Текст автора - персонально для Иво ван Хове - совсем не то, что подобный текст для какого-нибудь ряженного постпостдраматиста. Авторский текст для фламандца (сужу по увиденному) - не средство для вычурной крикливой сервировки сценического стола, а скорее живая плоть, эдакий кусок мяса. То, что он впоследствии пристроит в режиссерскую микроволновку. И уже готовый сценический продукт приобретет запах пряности, аромата.
Мне кажется, что к каким-то отдельным текстам у этого режиссера просто-таки физиологический аппетит (он хочет их съесть), а не только эстетическое влечение. Поэтому в лучших его спектаклях старые тексты Миллера или Ибсена пропитаны энергией дня теперешнего, сдобрены лирикой и юмором нашей сиюминутности.
Ван Хове - и в "Виде с моста", и в "Гедде" - не только осовременивает старые сюжеты внешними (актуальными) виньетками ХХI в., его, в первую очередь, интересуют люди. И он осознанно подталкивает в своих сценических сюжетах одного человека к другому. Выявляя в таком столкновении их совместимость, их потребность или невозможность взаимного существования.
Режиссер показывает повороты тел и душ уже теперешних людей, формально прописанных в дискурсе классической драматургии. И, возможно, поэтому в его спектаклях нет примет ребусной стилистики, мало броских сценических метафор.
Его режиссерский почерк предельно ясный и четкий. И его разберет даже подслеповатый следопыт, мнящий себя узколобым театральным ценителем. Спектакли фламандца всегда образуют мощное энергетическое поле, внутри которого зритель - не соглядатай и не оценщик, а, безусловно, необходимая монада внутри того же поля.
Действие "Гедды Габлер", старинного норвежского сюжета конца ХІХ в., ван Хове переносит в лофт, в интерьер ХХІ в. В пространство без дверей: только одно окно (с жалюзями) и грохочущий лифт (где-то внизу).

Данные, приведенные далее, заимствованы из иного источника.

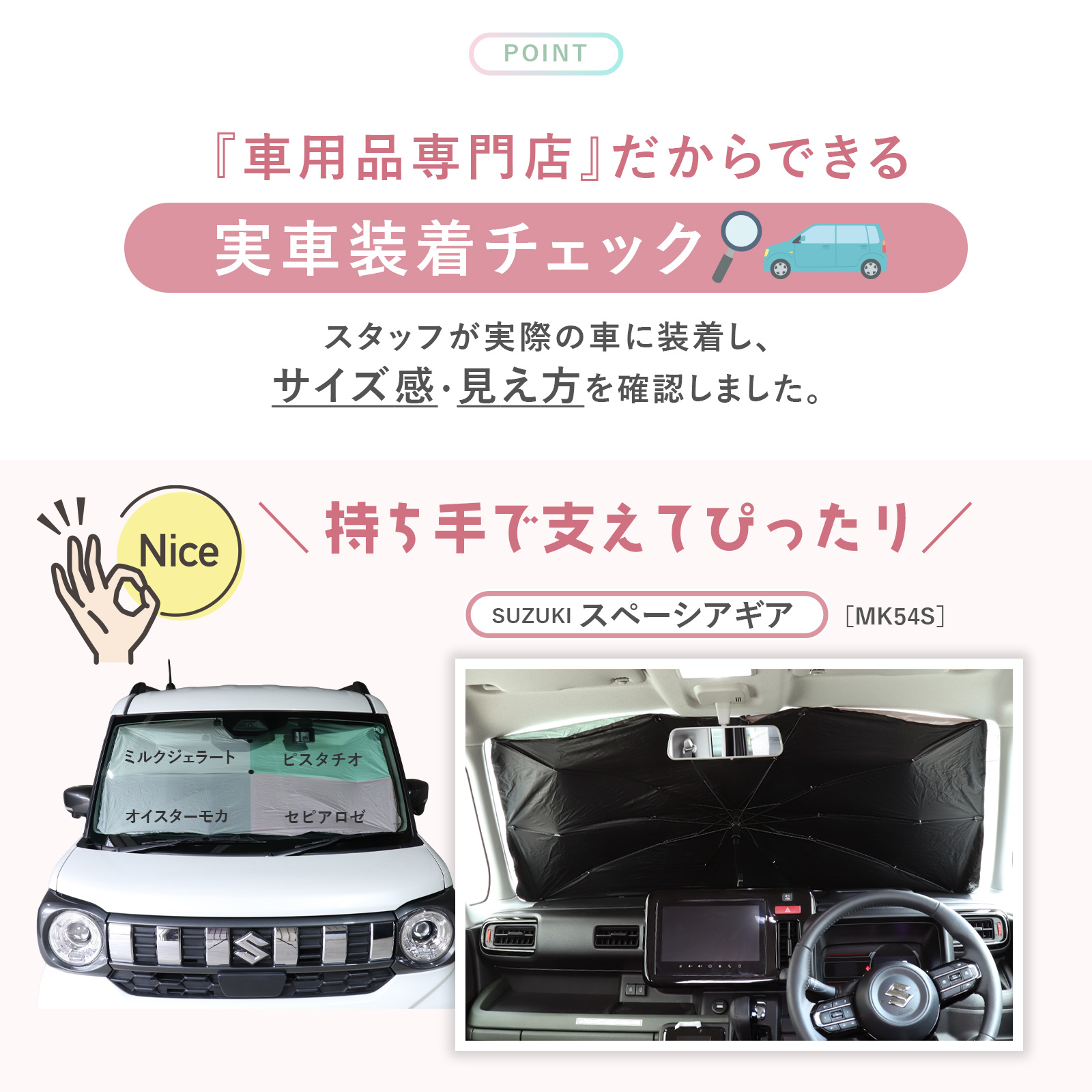 ●気分が上がるカワイイ色車になじむニュアンスカラーをコンセプトに、とことん色にこだわりました。

Поэтому все герои Г.Ибсена добираются в этот лофт прямиком из зрительного зала.
Новая обитель Гедды Габлер - не юной, но все еще красавицы (жены скромного аспиранта) - в представлении ван Хове только белые-белые стены в состоянии недоремонта или очевидного запустения. Естественно, такие стены - как белый лист: пиши - не хочу. И каждый ибсеновский герой, по воле режиссера, должен написать здесь свою личную историю и свою же версию надвигающейся трагедии.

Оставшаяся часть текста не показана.